In this auction, one of the most impressive gold coins that I did see is an 1841 Dahlonega (Georgia) Mint Half Eagle. It is NGC graded MS-63 and has a CAC sticker. It is extremely difficult to find a choice uncirculated 1841-D Half Eagle and here is one. It is has only been lightly cleaned. Most Dahlonega Mint gold coins have been moderately to heavily cleaned or have been subject to worse treatments. This coin was sharply struck on a nice planchet (prepared blank). Original coppery areas remain and add to the charm of the coin. It is exceptional for the 1841-D issue and for a certified MS-63 Dahlonega Mint Half Eagle of any date. This coin is well worth its selling price of $27,600.
There were three scarce 1881-O Eagles in this auction. If I ever saw any of the three, I do not remember at the moment. This issue is very popular with collectors.
An NGC graded AU-58 1881-O sold for $5462.50, a strong price. A PCGS graded MS-60 coin, with a CAC sticker, went for $8625, another strong price. An NGC graded MS-61 1881-O Eagle was formerly owned by Louis Eliasberg who formed the all-time greatest collection of U.S. coins. It realized $17,250, a very strong price, possibly due to the Eliasberg pedigree. In a column earlier this year, I discuss the reasons why some coins realize strong prices at auction. (Please click to read it.)
There were other desirable Eagles in this auction, including a few better date Indian Head Eagles. Though there was a wide selection of Liberty Head Double Eagles, this auction will not be remembered for Liberty Head or Saint Gaudens Double Eagles.

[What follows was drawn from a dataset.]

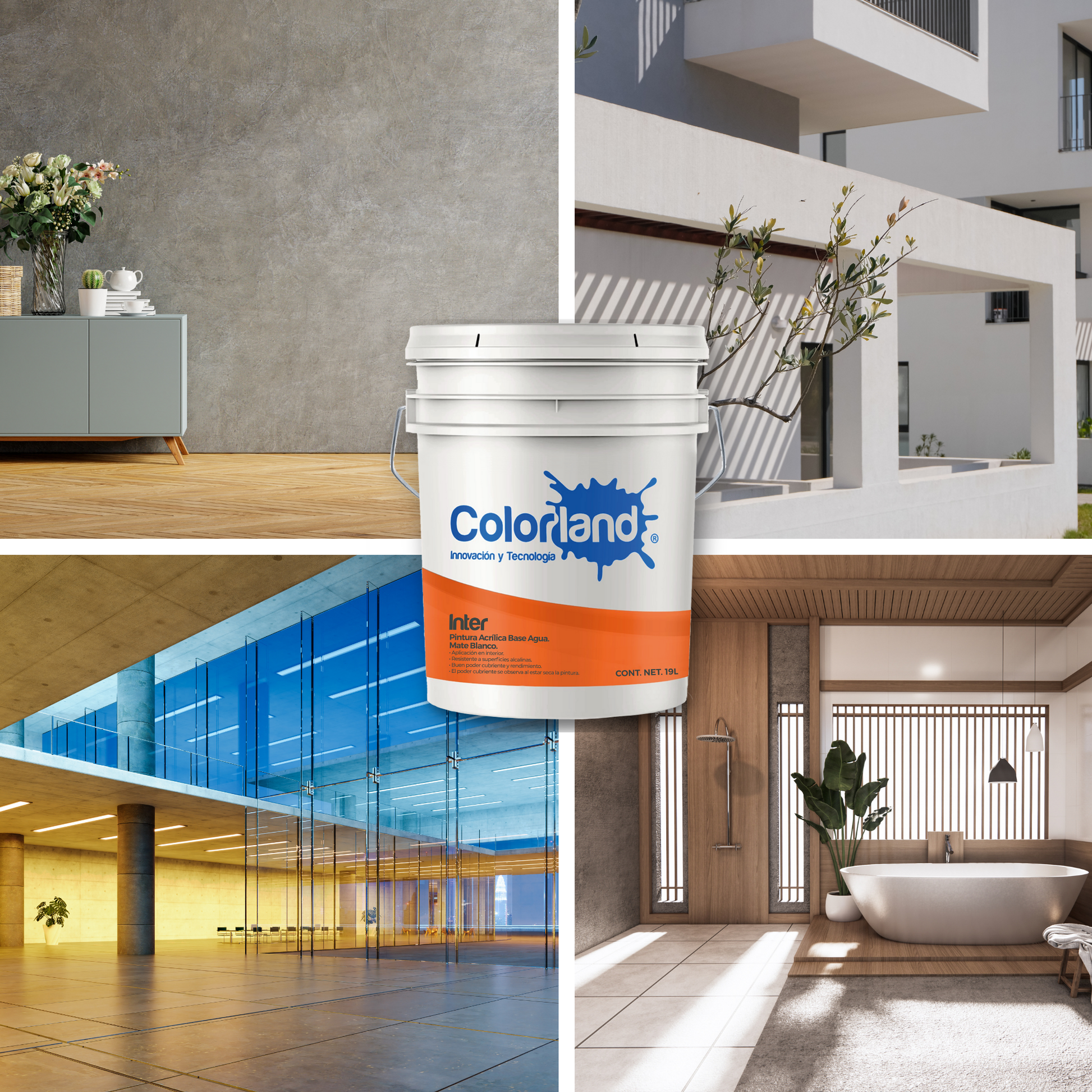 Colorland® Inter es una pintura arquitectónica acrílica desarrollada para interiores de alto tráfico. Su fórmula con polímeros avanzados y pigmentos resistentes brinda acabados lavables y duraderos, sin afectar la salud del ambiente al ser libre de metales pesados.

There are many 19th century gold coins that are not rare in circulated grades, yet are rare in grades in the 55 to 62 range. An example is the 1858-S Double Eagle. There were three in this auction. A PCGS graded “AU-55” 1858-S sold for $3220 and an NGC graded “AU-58” coin brought $4887.50.
A PCGS graded “MS-61” 1858-S is more valuable than the other two. The PCGS has assigned a higher grade to just one 1858-S Double Eagle. This coin realized $11,500.
There were significant groups of patterns and territorials. An 1855 Wass Molitor $20 coin is fairly said by the NGC to be ungradable. It is still a collectible coin that is historically important. It went for $12,075, which is a strong price for an ungradable Wass Molitor twenty.
This auction also contained a Wass Molitor $50 gold coin. It is NGC graded “AU-50” and had fewer problems than I expected it to have. It is more desirable than many of the other surviving Wass Molitor fifties. The price realized of $48,075 is fair.
Given that this auction consisted mostly of coins from anonymous consignors, many of whom were dealers, and contained few coins with stated pedigrees, the results were strong overall. Though not exciting, this auction was successfully conducted.